The listening visits supported Y to continue to breastfeed her baby and look after her child, and interventions supported improvement in her wellbeing. Y was reassessed at the end of her listening visits. Her depression had lifted and she was feeling much better. Y is pleased she got through this short period without the need for referral back into mental health services.

In terms of outcomes for this service user, mental health first aid training received through inter-professional training to the peer support worker supported early identification of signs of depression and anxiety. The perinatal mental health pathway screening tools identified when clinical assessments and intervention should take place. The content of listening visits was enhanced by joint work with IAPT and the health visitor. The enhancements of skills delivered by inter-professional training reduced handoffs and the ceiling of care was raised.

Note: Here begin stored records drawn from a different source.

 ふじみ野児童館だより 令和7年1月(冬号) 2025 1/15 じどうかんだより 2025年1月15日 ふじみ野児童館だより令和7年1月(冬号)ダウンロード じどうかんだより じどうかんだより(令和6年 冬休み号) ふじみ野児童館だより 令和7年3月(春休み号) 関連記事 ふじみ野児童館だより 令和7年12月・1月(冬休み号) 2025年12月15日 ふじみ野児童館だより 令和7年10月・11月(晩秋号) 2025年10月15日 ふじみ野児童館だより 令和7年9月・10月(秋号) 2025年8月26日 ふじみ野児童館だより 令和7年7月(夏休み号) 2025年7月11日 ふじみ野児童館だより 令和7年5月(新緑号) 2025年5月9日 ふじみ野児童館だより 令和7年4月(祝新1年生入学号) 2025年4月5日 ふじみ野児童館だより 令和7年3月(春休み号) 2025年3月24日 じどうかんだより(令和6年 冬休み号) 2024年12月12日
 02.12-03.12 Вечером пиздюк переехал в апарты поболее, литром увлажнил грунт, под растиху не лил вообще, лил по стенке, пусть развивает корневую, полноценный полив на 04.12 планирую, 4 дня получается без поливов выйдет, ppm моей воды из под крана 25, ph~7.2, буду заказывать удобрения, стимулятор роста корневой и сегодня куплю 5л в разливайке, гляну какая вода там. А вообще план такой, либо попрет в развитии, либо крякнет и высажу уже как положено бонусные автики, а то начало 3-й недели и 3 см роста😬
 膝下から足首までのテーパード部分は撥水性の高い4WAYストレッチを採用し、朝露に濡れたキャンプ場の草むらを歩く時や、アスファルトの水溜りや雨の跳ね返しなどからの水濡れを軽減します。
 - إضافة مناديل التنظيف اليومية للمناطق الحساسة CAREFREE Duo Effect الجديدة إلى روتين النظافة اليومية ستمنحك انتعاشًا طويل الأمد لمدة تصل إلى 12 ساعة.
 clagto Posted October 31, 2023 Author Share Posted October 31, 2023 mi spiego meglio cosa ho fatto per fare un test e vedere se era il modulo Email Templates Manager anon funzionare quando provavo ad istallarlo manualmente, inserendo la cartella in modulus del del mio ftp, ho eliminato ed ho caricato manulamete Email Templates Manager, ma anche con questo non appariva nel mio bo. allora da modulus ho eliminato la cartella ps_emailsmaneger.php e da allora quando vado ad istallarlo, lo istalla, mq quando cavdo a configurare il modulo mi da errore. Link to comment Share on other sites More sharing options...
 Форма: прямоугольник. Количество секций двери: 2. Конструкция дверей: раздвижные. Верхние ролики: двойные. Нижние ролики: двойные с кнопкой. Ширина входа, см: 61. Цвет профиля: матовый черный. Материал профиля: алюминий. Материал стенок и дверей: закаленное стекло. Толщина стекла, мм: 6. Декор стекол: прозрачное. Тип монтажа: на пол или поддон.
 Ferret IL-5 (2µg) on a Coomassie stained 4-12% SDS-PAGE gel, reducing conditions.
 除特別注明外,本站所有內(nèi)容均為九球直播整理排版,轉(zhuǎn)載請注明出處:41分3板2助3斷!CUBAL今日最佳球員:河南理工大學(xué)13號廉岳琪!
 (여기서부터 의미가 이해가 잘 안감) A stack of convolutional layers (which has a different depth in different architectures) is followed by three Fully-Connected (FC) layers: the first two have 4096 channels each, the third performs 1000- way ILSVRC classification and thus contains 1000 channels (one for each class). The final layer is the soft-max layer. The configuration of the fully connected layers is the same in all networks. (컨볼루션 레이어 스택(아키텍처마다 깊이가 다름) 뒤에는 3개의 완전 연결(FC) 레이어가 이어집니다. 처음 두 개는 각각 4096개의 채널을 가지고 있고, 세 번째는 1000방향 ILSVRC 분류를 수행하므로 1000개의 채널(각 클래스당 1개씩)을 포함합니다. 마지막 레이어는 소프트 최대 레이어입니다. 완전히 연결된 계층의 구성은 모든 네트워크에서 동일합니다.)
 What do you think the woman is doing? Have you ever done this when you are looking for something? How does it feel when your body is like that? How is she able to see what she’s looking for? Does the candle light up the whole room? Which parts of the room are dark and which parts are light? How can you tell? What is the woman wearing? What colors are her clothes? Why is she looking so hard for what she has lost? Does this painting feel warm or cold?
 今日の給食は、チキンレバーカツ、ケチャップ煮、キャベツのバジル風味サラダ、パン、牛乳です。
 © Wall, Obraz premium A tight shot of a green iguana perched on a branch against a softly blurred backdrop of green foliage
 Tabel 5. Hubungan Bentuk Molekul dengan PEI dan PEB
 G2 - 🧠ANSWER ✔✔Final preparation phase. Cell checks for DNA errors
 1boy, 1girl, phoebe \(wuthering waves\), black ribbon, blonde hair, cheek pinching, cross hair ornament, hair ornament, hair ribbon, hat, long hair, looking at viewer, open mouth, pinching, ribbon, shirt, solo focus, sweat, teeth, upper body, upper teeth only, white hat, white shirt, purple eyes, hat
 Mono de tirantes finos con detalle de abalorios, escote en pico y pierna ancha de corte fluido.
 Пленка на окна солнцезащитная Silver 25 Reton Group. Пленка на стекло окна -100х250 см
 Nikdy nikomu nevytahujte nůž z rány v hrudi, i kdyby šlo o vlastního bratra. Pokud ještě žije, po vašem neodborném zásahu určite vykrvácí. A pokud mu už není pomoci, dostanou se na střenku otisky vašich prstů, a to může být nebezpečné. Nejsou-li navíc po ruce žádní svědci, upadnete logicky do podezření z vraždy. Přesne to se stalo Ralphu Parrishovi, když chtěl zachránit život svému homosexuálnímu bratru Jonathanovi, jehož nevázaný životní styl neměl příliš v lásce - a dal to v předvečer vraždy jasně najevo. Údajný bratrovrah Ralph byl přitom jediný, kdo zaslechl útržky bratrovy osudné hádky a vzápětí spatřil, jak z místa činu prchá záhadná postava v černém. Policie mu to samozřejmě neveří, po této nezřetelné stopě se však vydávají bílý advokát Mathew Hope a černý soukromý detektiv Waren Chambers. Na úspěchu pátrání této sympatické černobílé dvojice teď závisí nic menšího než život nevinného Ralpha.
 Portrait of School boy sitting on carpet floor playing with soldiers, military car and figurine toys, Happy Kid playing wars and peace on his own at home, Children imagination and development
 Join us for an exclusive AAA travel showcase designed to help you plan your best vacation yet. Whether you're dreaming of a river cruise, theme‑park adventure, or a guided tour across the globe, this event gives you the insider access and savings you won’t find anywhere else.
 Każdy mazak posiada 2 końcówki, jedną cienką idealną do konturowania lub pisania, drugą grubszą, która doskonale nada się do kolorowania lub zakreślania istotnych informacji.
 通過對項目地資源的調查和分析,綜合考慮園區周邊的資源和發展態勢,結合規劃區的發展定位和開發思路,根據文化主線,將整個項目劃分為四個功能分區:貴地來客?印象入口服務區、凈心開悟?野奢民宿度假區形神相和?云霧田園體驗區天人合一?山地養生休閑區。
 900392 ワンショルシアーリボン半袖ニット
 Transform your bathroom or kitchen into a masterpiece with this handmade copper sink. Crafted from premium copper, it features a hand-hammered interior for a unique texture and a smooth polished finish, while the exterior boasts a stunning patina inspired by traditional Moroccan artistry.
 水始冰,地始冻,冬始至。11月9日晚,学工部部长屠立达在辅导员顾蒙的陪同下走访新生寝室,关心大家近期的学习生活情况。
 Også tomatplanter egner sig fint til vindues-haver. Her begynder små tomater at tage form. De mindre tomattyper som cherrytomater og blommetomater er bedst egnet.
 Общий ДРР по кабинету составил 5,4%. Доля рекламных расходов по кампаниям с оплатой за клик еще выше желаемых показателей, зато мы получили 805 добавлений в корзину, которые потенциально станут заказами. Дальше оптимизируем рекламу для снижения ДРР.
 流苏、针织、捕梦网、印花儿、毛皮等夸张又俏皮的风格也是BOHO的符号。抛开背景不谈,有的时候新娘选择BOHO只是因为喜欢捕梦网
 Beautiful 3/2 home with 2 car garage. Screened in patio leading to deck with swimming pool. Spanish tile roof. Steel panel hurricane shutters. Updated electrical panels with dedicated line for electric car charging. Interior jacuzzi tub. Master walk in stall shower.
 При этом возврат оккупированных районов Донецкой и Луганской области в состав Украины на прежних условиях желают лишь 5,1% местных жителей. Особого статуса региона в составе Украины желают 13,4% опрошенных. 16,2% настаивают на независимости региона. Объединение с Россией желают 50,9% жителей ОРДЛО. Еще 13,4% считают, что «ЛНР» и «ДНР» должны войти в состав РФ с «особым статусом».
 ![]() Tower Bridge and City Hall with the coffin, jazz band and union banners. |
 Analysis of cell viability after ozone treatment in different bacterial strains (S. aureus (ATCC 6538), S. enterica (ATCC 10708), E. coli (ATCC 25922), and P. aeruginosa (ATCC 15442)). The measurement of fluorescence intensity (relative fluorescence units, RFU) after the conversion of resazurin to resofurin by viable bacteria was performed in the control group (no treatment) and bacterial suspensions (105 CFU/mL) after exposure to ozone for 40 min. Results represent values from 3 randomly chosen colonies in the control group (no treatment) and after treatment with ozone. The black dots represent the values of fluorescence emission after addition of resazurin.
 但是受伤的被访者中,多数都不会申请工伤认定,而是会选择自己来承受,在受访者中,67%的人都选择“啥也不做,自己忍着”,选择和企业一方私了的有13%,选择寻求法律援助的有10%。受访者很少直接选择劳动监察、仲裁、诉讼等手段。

There is evidence of a developing culture of integration and improved communication between practitioners.

Sharing

The lessons learned from implementation of the new integrated pathway in Knowsley has locally are being used for development of a Trust-wide pathway as part of the development of a dedicated perinatal mental health team.

Start Well forms part of the Trust’s clinical transformation programme and the Trust is committed to supporting the developing of integrated care pathways.

We have shared the development of integrated perinatal pathways with Clare Murdoch, National Mental Health Director at NHS England, during her visit to Warrington Clinical Commissioning Group.

The Trust has recently commissioned an attachment service called Building Bonds to deliver perinatal and infant mental health services. The project group has worked closely with the Building Bonds service and is an integral part of the antenatal pathway.  A presentation was delivered to the local safeguarding children’s board to promote the development of the pathway and to share how the pathway would support learning from serious care reviews.

Discussions have taken place with public health commissioners at Knowsley Council who welcomed the development of the integrated approach which followed the award of the contract for the 0-19 children’s services.

Is there any other information you would like to add?

Physical and mental health services are delivered by North West Boroughs Healthcare NHS Foundation Trust. This provides the unique opportunity to offer a strengthened integrated approach to physical and mental health care services in order to deliver whole person care across the life span, starting in the crucial perinatal period.